Le batelier

Le lendemain, alors que l'aurore courait dans les champs pour les inonder de lumière, le prince arriva en vue d'un cours d'eau gonflé par les crues. Heureusement pour lui, un bac semblait faire la liaison entre les deux rives. Il s'approcha.
« Bien le bonjour, batelier !
– Le bonjour, fit-il en relevant son chapeau de paille. 'Vous faudrait quoi ?
– Eh bien, traverser avec ma monture, pardi !
– Ça tombe bien, c'est mon boulot.
– Parfait, allons-y alors, qu'attendons-nous ?
– Bé mon paiement ! Je bosse pas gratos, eh.
– Je suis sans le sous car parti en toute hâte sauver ma promise la princesse du royaume d'à côté ! Mais je vous promets que je vous couvrirai d'or dès que possible.
– Ben c'est ballot, ça. C'est que moi, j'ai besoin de monnaie sonnante ce soir pour acheter ma pitance.
– Allons, aider à la réussite d'une quête ne vous semble pas assez ?
– Qu'est-ce que ça peut me faire ? Si ça vous va pas, z'avez qu'à aller au pont en amont.
– Et est-il loin ?
– Oh, vu la crue, il doit être répandu sur quelques kilomètres. L'est pas très solide, vous voyez.
– Diantre. »

À court d'idées, le prince prit une expression pensive, et un peu renfrognée.

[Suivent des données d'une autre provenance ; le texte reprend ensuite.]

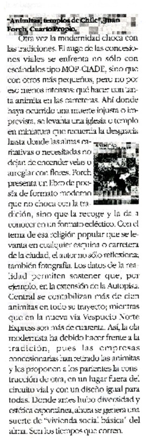 Animitas, templos de Chile". [artículo] Cultura y Tendencias (Santiago, Chile)-- no. 20 (mayo 2004) p. 39. il. .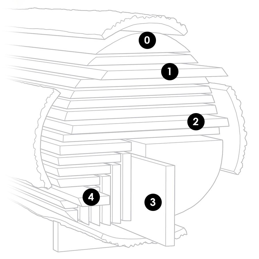 Whether we are handpicking beautiful solid heart-cuts of oak or live sawn walnut top layers, we always look for the lower part. The first six metres (18 ft) of the tree shows fewer ingrown branches, which means fewer knots. For exceptionally long boards, we seek those rare trees that are both taller and wider and have branched out higher in the tree’s early life.
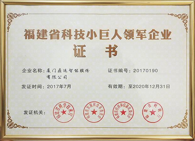 廈門鼎運智能成功列入省科技小巨人領軍企業(yè)培育發(fā)展庫,并榮獲“福建省科技小巨人領軍企業(yè)”證書。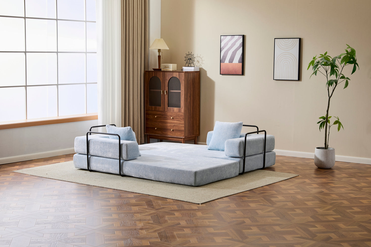 - •【Convertible Foldable Design】The futon sofa bed has 2 forms of floor sofa and mattress, it can be easily converted between bed and sofa by folding the side armrests or backrest, which can largely save your space and you don't have to worry about not having a place to sleep when your friends or family members come to visit you, it can be a suitable choice for your living room sofa.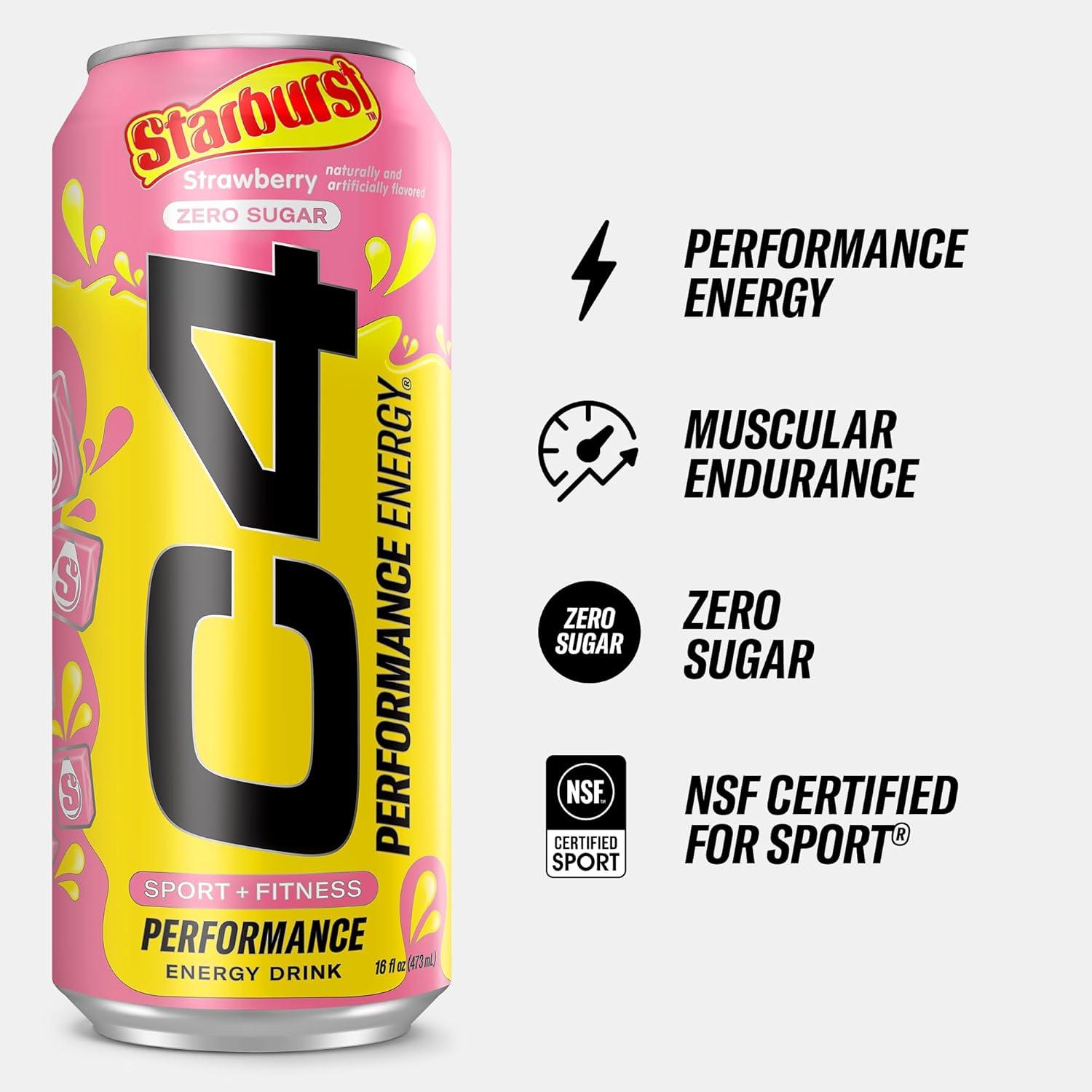 C4 Performance Energy Drink Starburst Strawberry Sin Azúcar 473Ml
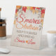 Herbst S'mores Station Hochzeit oder Brautparty Pedestal Sign. Ideal für Ihre S'mores Bar. Mit schönen, hellen Herbstlauben auf einem gewaschenen Holzboden. Ein Teil unseres Rückgangs in der Liebe Sammlung.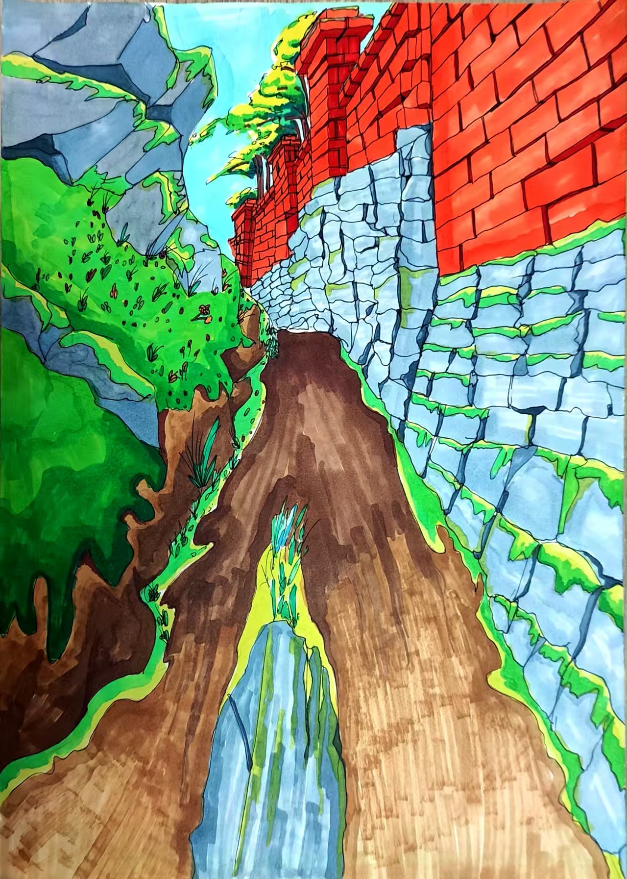 门前的这条小路陪我度过了许多快乐的时光,小时候我把这条路想成"城堡探险"的秘密通道!红砖墙是城堡墙,小土路上是保卫城堡的蚂蚁"卫兵",我喜欢这条小路,它是我最沉默的伙伴,承载着我的众多欢乐的时光。 所以我想用鲜艳的水彩,放大的对比度来描绘这条秘密通道。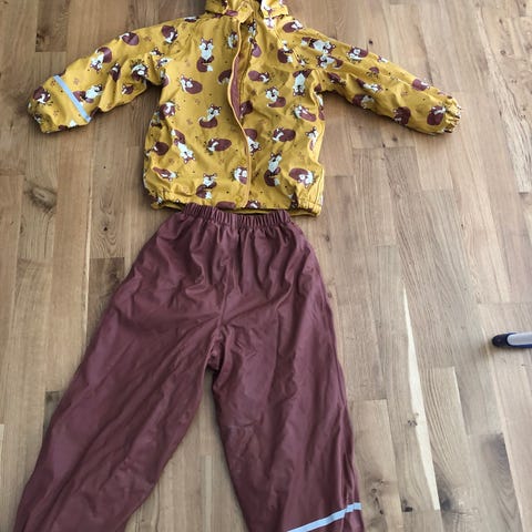 Sættet består af en jakke med hætte og bukser med seler. Materialet er slidstærkt og vandafvisende. Det har refleksdetaljer.,Afhentes i:,Røde Kors Holstebro (661),Bemærk at mail, chat og beskeder ikke besvares, og varen skal købes på knappen "Gå til varen"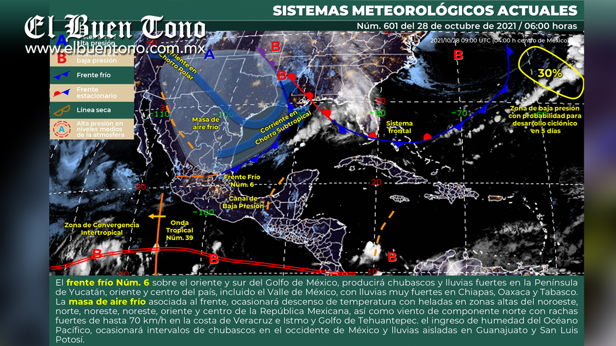 Para hoy, el frente frío Núm. 6 se extenderá sobre el oriente y sur del Golfo de México, produciendo chubascos y lluvias fuertes en la Península de Yucatán, oriente y centro del territorio nacional, incluido el Valle de México, con lluvias puntuales muy fuertes en Chiapas, Oaxaca y Tabasco. La masa de aire frío asociada al frente, ocasionará descenso de temperatura con heladas en zonas altas del noroeste, norte, noreste, oriente y centro de la República Mexicana, así como viento de componente norte con rachas fuertes de hasta 70 km/h en la costa de Veracruz e Istmo y Golfo de Tehuantepec, disminuyendo por la tarde. Por otra parte, el ingreso de humedad del Océano Pacífico, ocasionará intervalos de chubascos en el occidente de México y lluvias aisladas en Guanajuato y San Luis Potosí.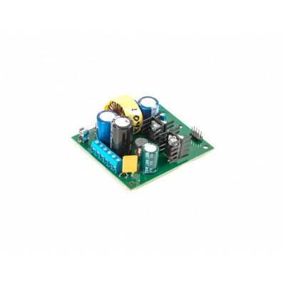 ПН-12-1,5 (встраиваемый модуль на печатной плате размером 80х70x40 мм) преобразует нестабилизированное входное напряжение от 10 до 50 В постоянного тока в выходное стабилизированное напряжение 12…15 В постоянного тока для питания нагрузки с током потребления до 1,5 А. При удалённом питании преобразователя от ИБП существует ограничение максимальной длины линии питания, зависящее от выходного напряжения ИБП, сечения проводов и суммарной мощности нагрузок.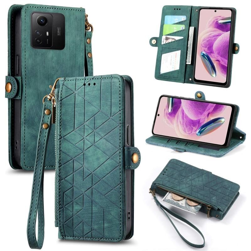 Για Xiaomi Redmi Σημείωση 12S γεωμετρική φερμουάρ πορτοφόλι πλευρά πόρπη δερμάτινη θήκη τηλεφώνου (πράσινο)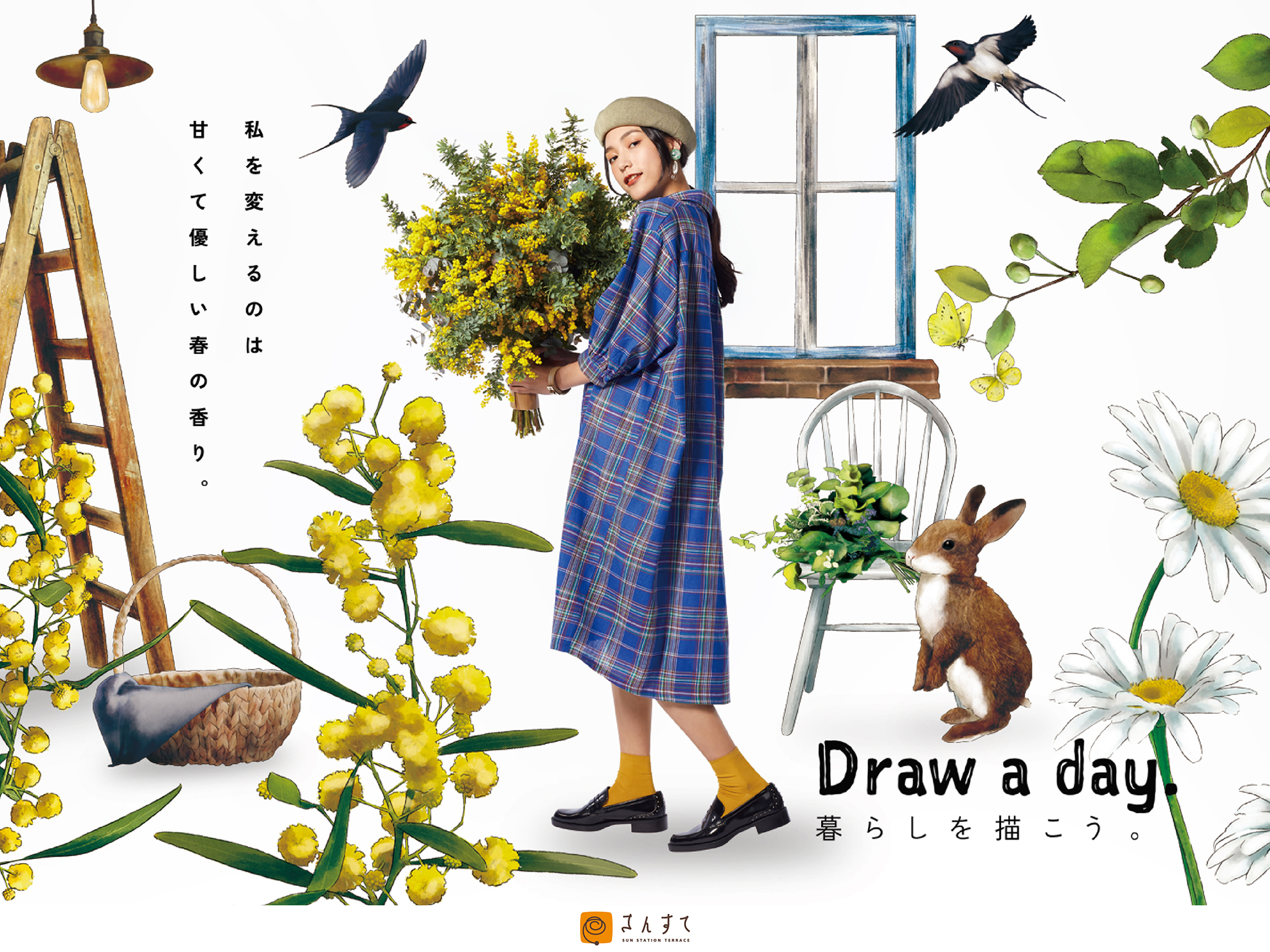 として象徴化。イラストで描かれた世界の中にモデルが存在する構図により、平凡な日常に楽しさや彩りが加わる様子を表現しています。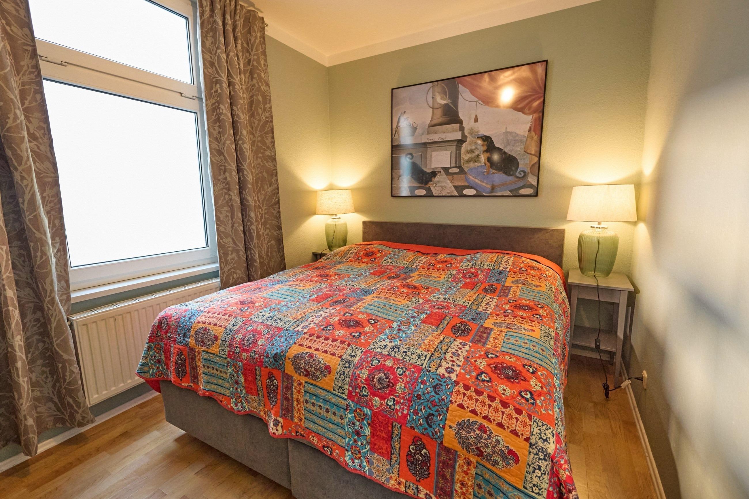 Separates Schlafzimmer mit einem gemütlichen Doppelbett (180 x 200 cm)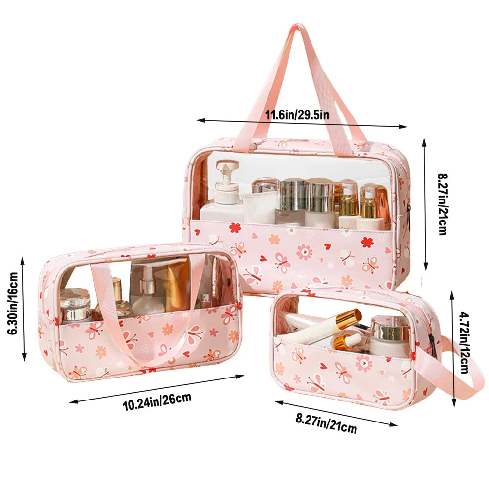 Features: Versatile Clear Cosmetic Bag: This 3-piece set includes a portable makeup bag, skincare wash bag, and large capacity beauty organizer, ideal for storing cosmetics, toiletries, and skincare essentials on the go. Water-Resistant Design: Made of durable pvc material, this makeup bag is water-proof and easy to clean, ensuring your beauty products stay dry and organized while traveling. Secure Zipper Closure: The travel cosmetic pouch features a sturdy zipper closure to keep your items secure and prevent spills or leaks, making it a practical and convenient choice for daily use. Thoughtful Gift Idea: This cosmetic bag set makes a perfect gift for girlfriends, or anyone who loves beauty and organization, offering a stylish and functional solution for small items storage management. Practical and Stylish: With its transparent design and spacious compartments, this clear cosmetics bag combines practicality with style, allowing you to easily find and access your while on the move. Specification: Material: PVC Size: 29.5*21cm, 12*21cm, 26*16cm Notes: Please allow slight tolerances in size due to manual measurement, and lighting in photography may result in a difference in color than in real. Package includes: 3*Cosmetic Bags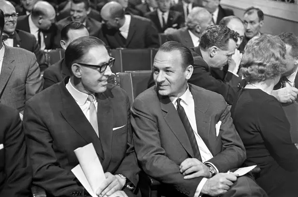 Publikum i salen under TV-debatt om idrett i Centralteatret i november 1965. Til høyre Laila Schou Nilsen med ryggen til. Bak på rad 2 Rolf Kirkvaag som snakker med Erling Stordahl ytterst til høyre.
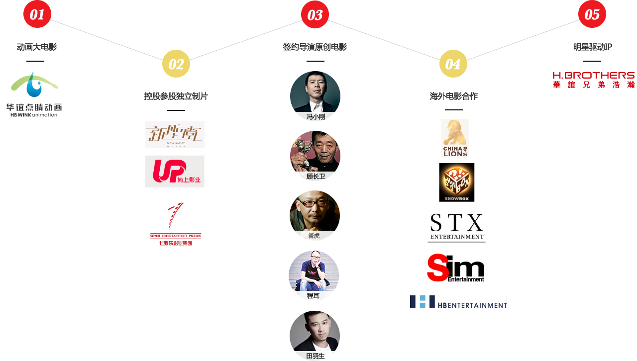 浩瀚娱乐、黄金城集团·(中国区)官方网站聚星、东阳美拉和黄金城集团·(中国区)官方网站点睛动画等;以及产量、品质都非常稳定的签约导演团队,如冯小刚、管虎、程耳和田羽生等等。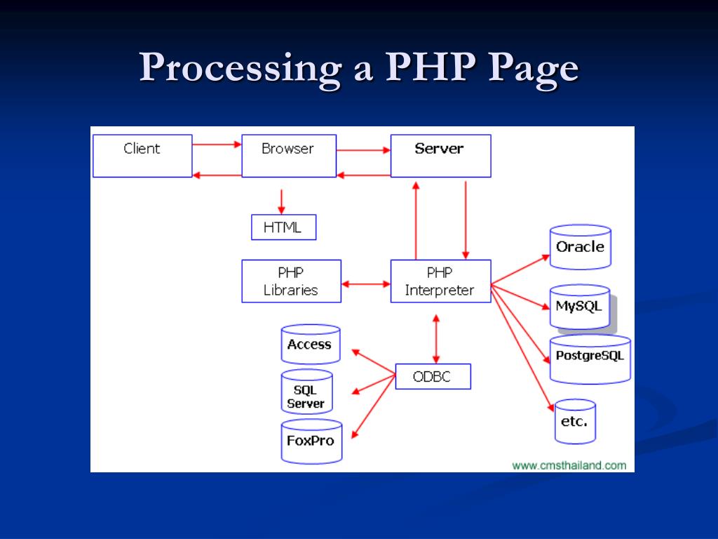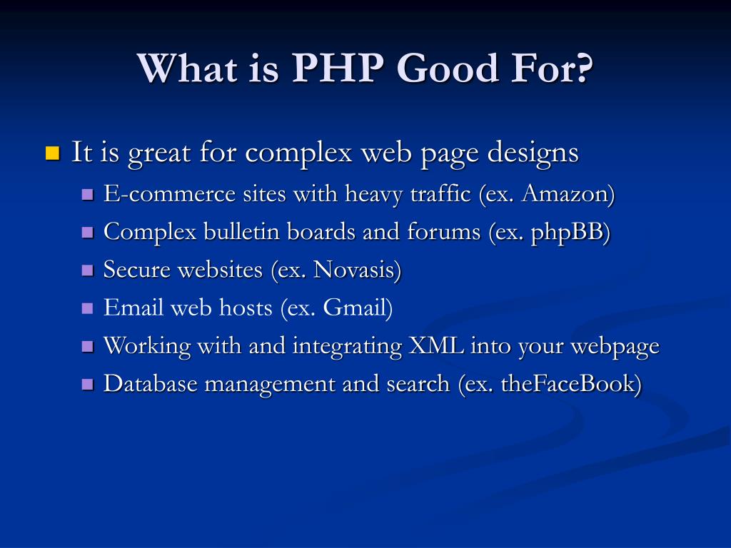 What is PHP Good For? • It is great for complex web page designs • E-commerce sites with heavy traffic (ex. Amazon) • Complex bulletin boards and forums (ex. phpBB) • Secure websites (ex. Novasis) • Email web hosts (ex. Gmail) • Working with and integrating XML into your webpage • Database management and search (ex. theFaceBook)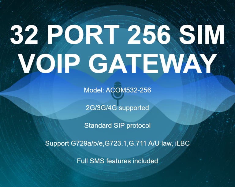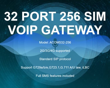 La puerta de enlace VoIP Ejointech ACOM532-256 es una puerta de enlace VoIP GSM de 32 puertos compatible con hasta 256 tarjetas SIM. Se utiliza principalmente para la terminación de llamadas (VoIP a móvil) y la originación (de móvil a VoIP). También puede utilizarse como módem SMS de red, compatible con el envío y la recepción de SMS.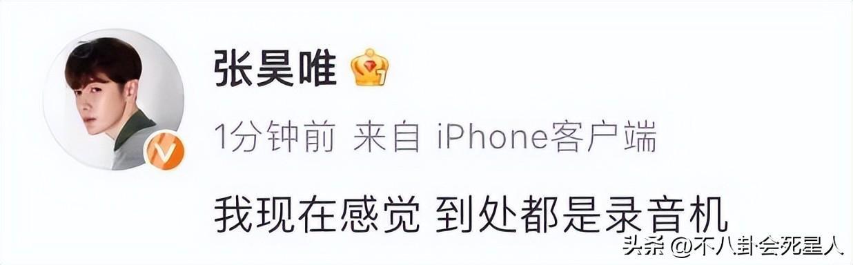 因爲錄音中張昊唯詢問女生是不是喜歡張藝興,女生說不喜歡,此事曝光張藝興無辜躺槍。隨後,張昊唯又發文稱感覺生活中到處都是錄音機,並沒有向張藝興道歉。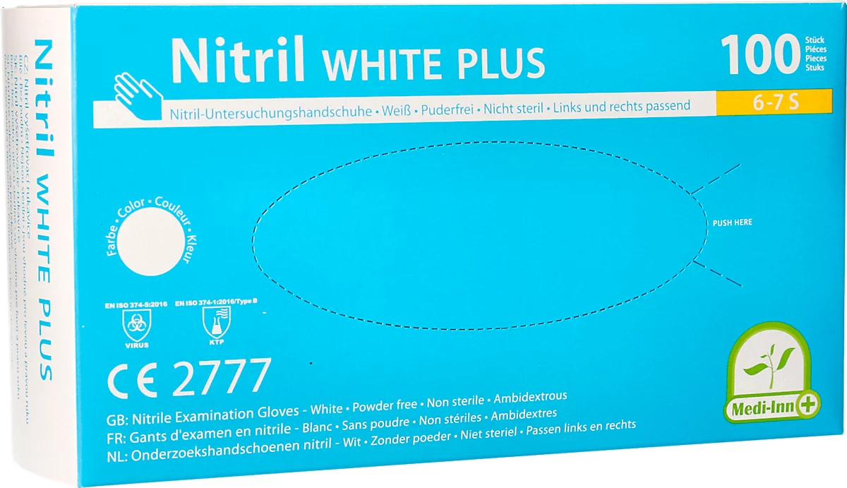 Die nicht sterilen Einmalhandschuhe Nitril White Plus von Medi-Inn® PS sind sowohl links als auch rechts passend und zu jeweils 100 Stück pro Paket in unterschiedlichen, einheitlichen Größen erhältlich.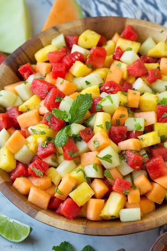 瘦身减肥少不了沙拉,生在夏天的西瓜更是夏日减肥良品。将西瓜、哈密瓜、菠萝切丁混合搅拌,淋上蜂蜜,饱腹零热量的夏日减肥良餐就做好啦。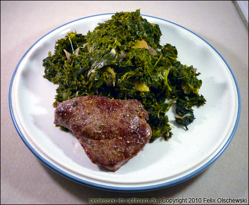 Das ausgesprochen zarte Fleisch des Hirschsteaks verträgt sich ausgezeichnet mit dem zur winterlichen Jahreszeit passenden Grünkohl. Der Aufwand bei der Zubereitung frischen Grünkohls ist im Vergleich zur Verarbeitung von Konservenware zweifelsohne größer – doch dies zahlt sich durch den wesentlich besseren Geschmack mehrfach aus.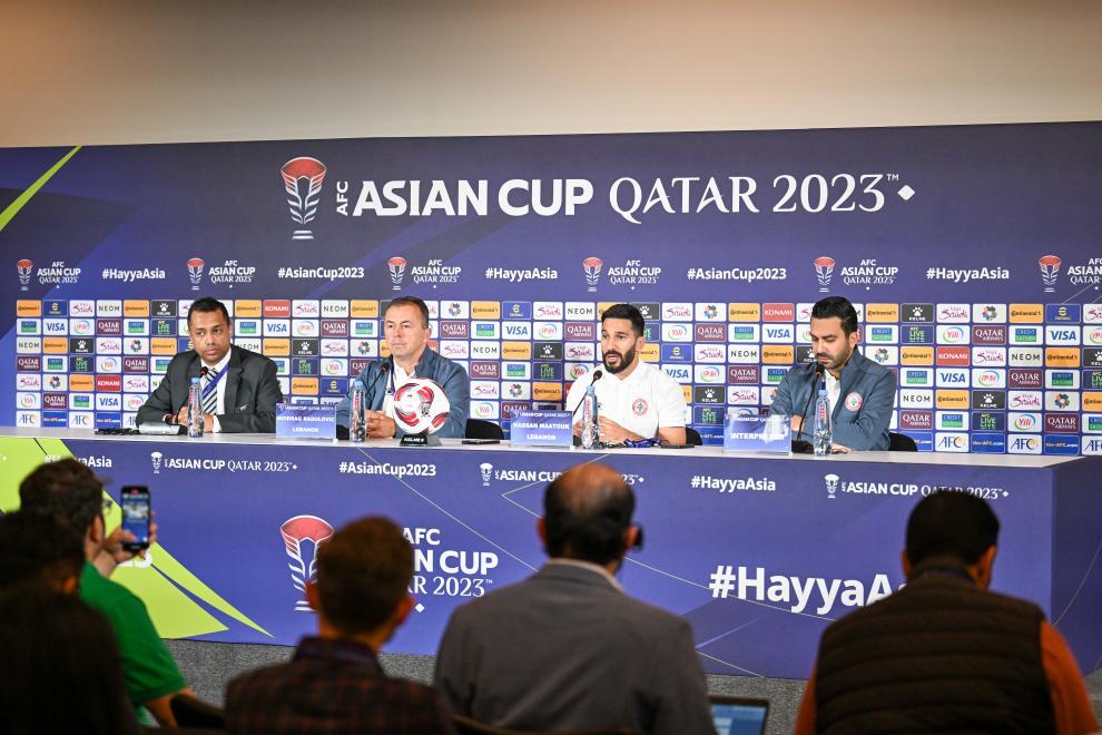 1月11日,黎巴嫩隊主教練米奧德拉格·拉杜諾維奇(左二)與球員哈桑·馬圖克(右二)在新聞發布會上。新華社記者孫凡越攝

Le batelier, quant à lui, prit son outre et avala quelques goulées. Ce geste sembla donner une idée au prince.
« Puisque vous refusez de me faire passer, je vais vous apprendre plusieurs choses. D'abord que, tout comme être obtus tue – c'est dans le mot –, l'eau bue tue, et puisque qui a bu boira, tu vas mourir, chaque gorgée te rapprochant de ta fin. D'autre part, je vous rappelle que qui dort dîne, ce qui signifie que vous ne dormez pas assez à votre goût. Somnolez donc plus pendant les creux de la journée et vous aurez le ventre moins creux.
– Eh mais c'est un peu saugrenu, mais pas insensé ce que vous m'dites, là.
– Alors, mon bon, je vous saurai gré de nous faire traverser, car je ne pourrais passer à gué avec le courant. Vous aurez tout le temps de vous reposer après, et donc de vous sustenter.
– Soit, faisons ainsi dans ce cas. »

Le courant était fort, mais le batelier connaissait son affaire et, bientôt, le prince posa les sabots de sa monture sur la berge gonflée d'eau. Sans un regard pour l'homme qui s'allongea immédiatement pour s'endormir sur son bac, qui fut aussitôt emporté, il continua son chemin.